> _PROMPT_:
Print a faithful copy of the data below, word for word, with the pictures left out.

> _PROVIDED DATA_:
- Opening Delimiter -

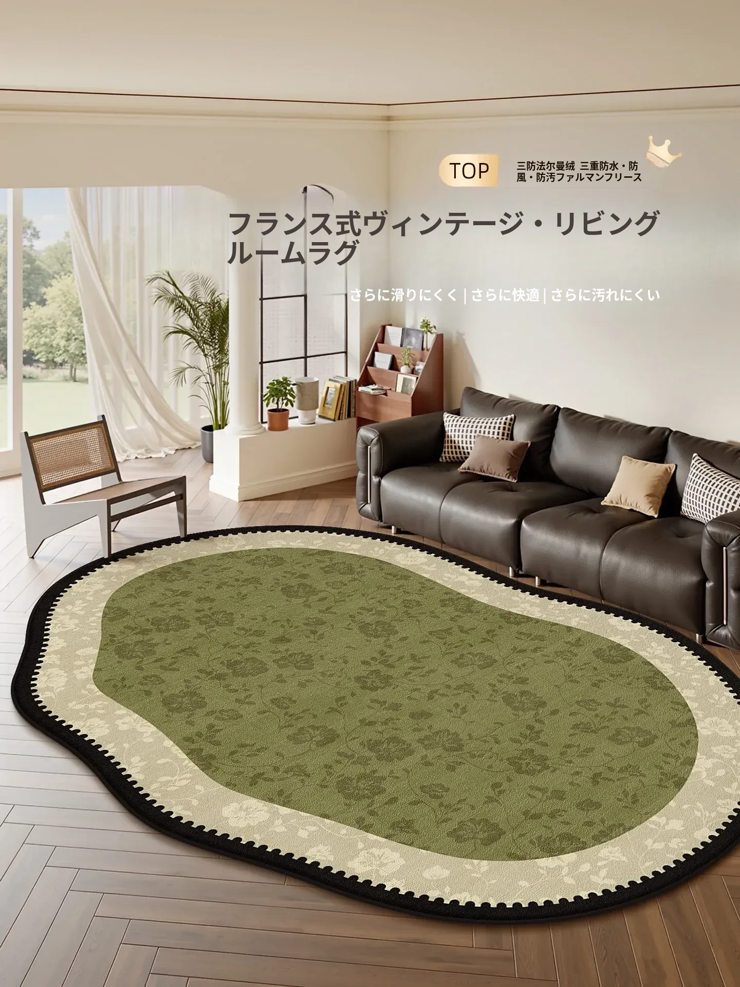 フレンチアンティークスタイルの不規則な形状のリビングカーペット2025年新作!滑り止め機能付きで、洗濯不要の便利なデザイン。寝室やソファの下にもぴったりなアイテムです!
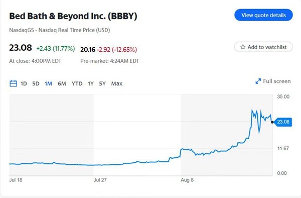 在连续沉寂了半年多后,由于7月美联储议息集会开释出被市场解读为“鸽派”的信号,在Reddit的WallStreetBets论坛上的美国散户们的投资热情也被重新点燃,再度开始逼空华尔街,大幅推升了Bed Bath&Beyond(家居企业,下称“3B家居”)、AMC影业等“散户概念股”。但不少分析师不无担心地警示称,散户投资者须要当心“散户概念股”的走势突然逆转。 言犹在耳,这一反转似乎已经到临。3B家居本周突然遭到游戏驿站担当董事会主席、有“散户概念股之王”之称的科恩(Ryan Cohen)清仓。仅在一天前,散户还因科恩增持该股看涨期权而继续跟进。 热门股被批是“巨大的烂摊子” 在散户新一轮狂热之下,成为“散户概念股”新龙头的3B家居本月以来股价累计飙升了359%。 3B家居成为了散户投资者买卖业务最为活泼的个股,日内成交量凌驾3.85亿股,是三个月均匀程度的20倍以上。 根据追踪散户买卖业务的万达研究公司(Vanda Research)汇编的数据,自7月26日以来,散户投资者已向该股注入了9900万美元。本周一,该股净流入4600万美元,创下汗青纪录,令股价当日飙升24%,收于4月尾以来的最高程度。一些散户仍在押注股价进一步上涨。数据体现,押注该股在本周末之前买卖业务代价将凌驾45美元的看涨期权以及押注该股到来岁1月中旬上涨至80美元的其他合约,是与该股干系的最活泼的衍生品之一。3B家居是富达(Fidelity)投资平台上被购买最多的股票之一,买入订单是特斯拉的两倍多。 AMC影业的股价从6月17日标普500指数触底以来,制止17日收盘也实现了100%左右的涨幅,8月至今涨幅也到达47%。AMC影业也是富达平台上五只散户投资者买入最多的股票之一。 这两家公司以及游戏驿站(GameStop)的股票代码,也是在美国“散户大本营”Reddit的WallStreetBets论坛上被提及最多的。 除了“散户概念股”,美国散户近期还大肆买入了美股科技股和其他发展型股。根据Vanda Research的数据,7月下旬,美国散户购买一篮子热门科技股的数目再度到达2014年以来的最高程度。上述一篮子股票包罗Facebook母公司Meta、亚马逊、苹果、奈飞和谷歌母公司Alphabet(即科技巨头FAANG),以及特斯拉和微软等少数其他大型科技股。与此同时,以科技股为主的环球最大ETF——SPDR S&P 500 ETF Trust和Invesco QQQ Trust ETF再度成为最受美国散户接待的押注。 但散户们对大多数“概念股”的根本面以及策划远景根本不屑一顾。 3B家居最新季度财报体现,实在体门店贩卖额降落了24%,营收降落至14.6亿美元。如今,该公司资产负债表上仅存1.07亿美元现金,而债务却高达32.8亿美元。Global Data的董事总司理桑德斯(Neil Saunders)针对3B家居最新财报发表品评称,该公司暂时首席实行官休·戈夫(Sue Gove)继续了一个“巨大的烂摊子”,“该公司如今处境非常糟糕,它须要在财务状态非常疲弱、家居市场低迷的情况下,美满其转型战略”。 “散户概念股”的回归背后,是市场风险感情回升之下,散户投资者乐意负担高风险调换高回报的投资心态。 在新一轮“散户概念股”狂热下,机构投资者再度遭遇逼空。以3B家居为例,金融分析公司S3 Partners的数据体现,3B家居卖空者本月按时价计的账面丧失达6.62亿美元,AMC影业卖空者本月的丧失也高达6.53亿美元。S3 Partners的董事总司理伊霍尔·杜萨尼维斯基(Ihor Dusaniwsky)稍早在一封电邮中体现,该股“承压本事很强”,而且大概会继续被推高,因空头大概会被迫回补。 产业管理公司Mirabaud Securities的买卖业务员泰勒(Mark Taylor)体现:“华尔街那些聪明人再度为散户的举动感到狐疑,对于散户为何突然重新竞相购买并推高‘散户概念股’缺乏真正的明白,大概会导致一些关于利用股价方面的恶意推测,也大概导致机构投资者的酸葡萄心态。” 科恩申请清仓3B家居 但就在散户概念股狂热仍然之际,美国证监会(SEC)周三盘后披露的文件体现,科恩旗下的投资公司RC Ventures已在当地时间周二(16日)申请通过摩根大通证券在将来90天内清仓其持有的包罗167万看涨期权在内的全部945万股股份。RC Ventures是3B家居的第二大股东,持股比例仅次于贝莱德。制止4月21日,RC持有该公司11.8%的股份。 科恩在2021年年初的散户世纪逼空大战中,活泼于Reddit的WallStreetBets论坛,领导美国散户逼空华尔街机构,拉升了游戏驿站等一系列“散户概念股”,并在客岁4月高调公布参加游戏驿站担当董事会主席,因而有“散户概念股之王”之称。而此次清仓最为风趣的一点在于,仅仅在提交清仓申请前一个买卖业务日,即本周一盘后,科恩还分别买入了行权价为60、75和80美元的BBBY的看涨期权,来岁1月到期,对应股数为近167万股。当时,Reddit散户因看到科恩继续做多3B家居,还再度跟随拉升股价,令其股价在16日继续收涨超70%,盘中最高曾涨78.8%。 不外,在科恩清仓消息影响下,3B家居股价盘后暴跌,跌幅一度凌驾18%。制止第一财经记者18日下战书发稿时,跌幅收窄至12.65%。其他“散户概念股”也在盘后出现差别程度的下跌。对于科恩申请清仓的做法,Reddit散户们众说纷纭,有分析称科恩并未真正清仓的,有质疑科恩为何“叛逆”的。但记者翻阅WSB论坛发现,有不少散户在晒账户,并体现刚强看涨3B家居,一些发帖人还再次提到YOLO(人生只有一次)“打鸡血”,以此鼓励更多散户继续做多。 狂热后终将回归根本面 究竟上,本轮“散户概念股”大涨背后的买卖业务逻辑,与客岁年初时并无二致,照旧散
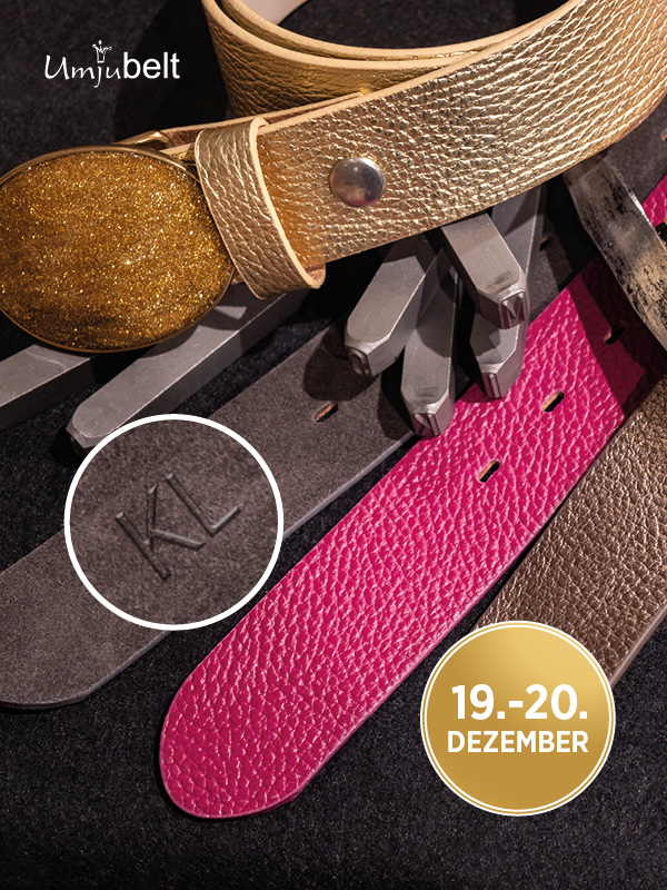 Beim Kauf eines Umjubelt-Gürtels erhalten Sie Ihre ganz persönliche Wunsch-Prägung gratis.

- Closing Delimiter -

> _PROBLEM SOLUTION_:
 フレンチアンティークスタイルの不規則な形状のリビングカーペット2025年新作!滑り止め機能付きで、洗濯不要の便利なデザイン。寝室やソファの下にもぴったりなアイテムです!
 在连续沉寂了半年多后,由于7月美联储议息集会开释出被市场解读为“鸽派”的信号,在Reddit的WallStreetBets论坛上的美国散户们的投资热情也被重新点燃,再度开始逼空华尔街,大幅推升了Bed Bath&Beyond(家居企业,下称“3B家居”)、AMC影业等“散户概念股”。但不少分析师不无担心地警示称,散户投资者须要当心“散户概念股”的走势突然逆转。 言犹在耳,这一反转似乎已经到临。3B家居本周突然遭到游戏驿站担当董事会主席、有“散户概念股之王”之称的科恩(Ryan Cohen)清仓。仅在一天前,散户还因科恩增持该股看涨期权而继续跟进。 热门股被批是“巨大的烂摊子” 在散户新一轮狂热之下,成为“散户概念股”新龙头的3B家居本月以来股价累计飙升了359%。 3B家居成为了散户投资者买卖业务最为活泼的个股,日内成交量凌驾3.85亿股,是三个月均匀程度的20倍以上。 根据追踪散户买卖业务的万达研究公司(Vanda Research)汇编的数据,自7月26日以来,散户投资者已向该股注入了9900万美元。本周一,该股净流入4600万美元,创下汗青纪录,令股价当日飙升24%,收于4月尾以来的最高程度。一些散户仍在押注股价进一步上涨。数据体现,押注该股在本周末之前买卖业务代价将凌驾45美元的看涨期权以及押注该股到来岁1月中旬上涨至80美元的其他合约,是与该股干系的最活泼的衍生品之一。3B家居是富达(Fidelity)投资平台上被购买最多的股票之一,买入订单是特斯拉的两倍多。 AMC影业的股价从6月17日标普500指数触底以来,制止17日收盘也实现了100%左右的涨幅,8月至今涨幅也到达47%。AMC影业也是富达平台上五只散户投资者买入最多的股票之一。 这两家公司以及游戏驿站(GameStop)的股票代码,也是在美国“散户大本营”Reddit的WallStreetBets论坛上被提及最多的。 除了“散户概念股”,美国散户近期还大肆买入了美股科技股和其他发展型股。根据Vanda Research的数据,7月下旬,美国散户购买一篮子热门科技股的数目再度到达2014年以来的最高程度。上述一篮子股票包罗Facebook母公司Meta、亚马逊、苹果、奈飞和谷歌母公司Alphabet(即科技巨头FAANG),以及特斯拉和微软等少数其他大型科技股。与此同时,以科技股为主的环球最大ETF——SPDR S&P 500 ETF Trust和Invesco QQQ Trust ETF再度成为最受美国散户接待的押注。 但散户们对大多数“概念股”的根本面以及策划远景根本不屑一顾。 3B家居最新季度财报体现,实在体门店贩卖额降落了24%,营收降落至14.6亿美元。如今,该公司资产负债表上仅存1.07亿美元现金,而债务却高达32.8亿美元。Global Data的董事总司理桑德斯(Neil Saunders)针对3B家居最新财报发表品评称,该公司暂时首席实行官休·戈夫(Sue Gove)继续了一个“巨大的烂摊子”,“该公司如今处境非常糟糕,它须要在财务状态非常疲弱、家居市场低迷的情况下,美满其转型战略”。 “散户概念股”的回归背后,是市场风险感情回升之下,散户投资者乐意负担高风险调换高回报的投资心态。 在新一轮“散户概念股”狂热下,机构投资者再度遭遇逼空。以3B家居为例,金融分析公司S3 Partners的数据体现,3B家居卖空者本月按时价计的账面丧失达6.62亿美元,AMC影业卖空者本月的丧失也高达6.53亿美元。S3 Partners的董事总司理伊霍尔·杜萨尼维斯基(Ihor Dusaniwsky)稍早在一封电邮中体现,该股“承压本事很强”,而且大概会继续被推高,因空头大概会被迫回补。 产业管理公司Mirabaud Securities的买卖业务员泰勒(Mark Taylor)体现:“华尔街那些聪明人再度为散户的举动感到狐疑,对于散户为何突然重新竞相购买并推高‘散户概念股’缺乏真正的明白,大概会导致一些关于利用股价方面的恶意推测,也大概导致机构投资者的酸葡萄心态。” 科恩申请清仓3B家居 但就在散户概念股狂热仍然之际,美国证监会(SEC)周三盘后披露的文件体现,科恩旗下的投资公司RC Ventures已在当地时间周二(16日)申请通过摩根大通证券在将来90天内清仓其持有的包罗167万看涨期权在内的全部945万股股份。RC Ventures是3B家居的第二大股东,持股比例仅次于贝莱德。制止4月21日,RC持有该公司11.8%的股份。 科恩在2021年年初的散户世纪逼空大战中,活泼于Reddit的WallStreetBets论坛,领导美国散户逼空华尔街机构,拉升了游戏驿站等一系列“散户概念股”,并在客岁4月高调公布参加游戏驿站担当董事会主席,因而有“散户概念股之王”之称。而此次清仓最为风趣的一点在于,仅仅在提交清仓申请前一个买卖业务日,即本周一盘后,科恩还分别买入了行权价为60、75和80美元的BBBY的看涨期权,来岁1月到期,对应股数为近167万股。当时,Reddit散户因看到科恩继续做多3B家居,还再度跟随拉升股价,令其股价在16日继续收涨超70%,盘中最高曾涨78.8%。 不外,在科恩清仓消息影响下,3B家居股价盘后暴跌,跌幅一度凌驾18%。制止第一财经记者18日下战书发稿时,跌幅收窄至12.65%。其他“散户概念股”也在盘后出现差别程度的下跌。对于科恩申请清仓的做法,Reddit散户们众说纷纭,有分析称科恩并未真正清仓的,有质疑科恩为何“叛逆”的。但记者翻阅WSB论坛发现,有不少散户在晒账户,并体现刚强看涨3B家居,一些发帖人还再次提到YOLO(人生只有一次)“打鸡血”,以此鼓励更多散户继续做多。 狂热后终将回归根本面 究竟上,本轮“散户概念股”大涨背后的买卖业务逻辑,与客岁年初时并无二致,照旧散
 Beim Kauf eines Umjubelt-Gürtels erhalten Sie Ihre ganz persönliche Wunsch-Prägung gratis.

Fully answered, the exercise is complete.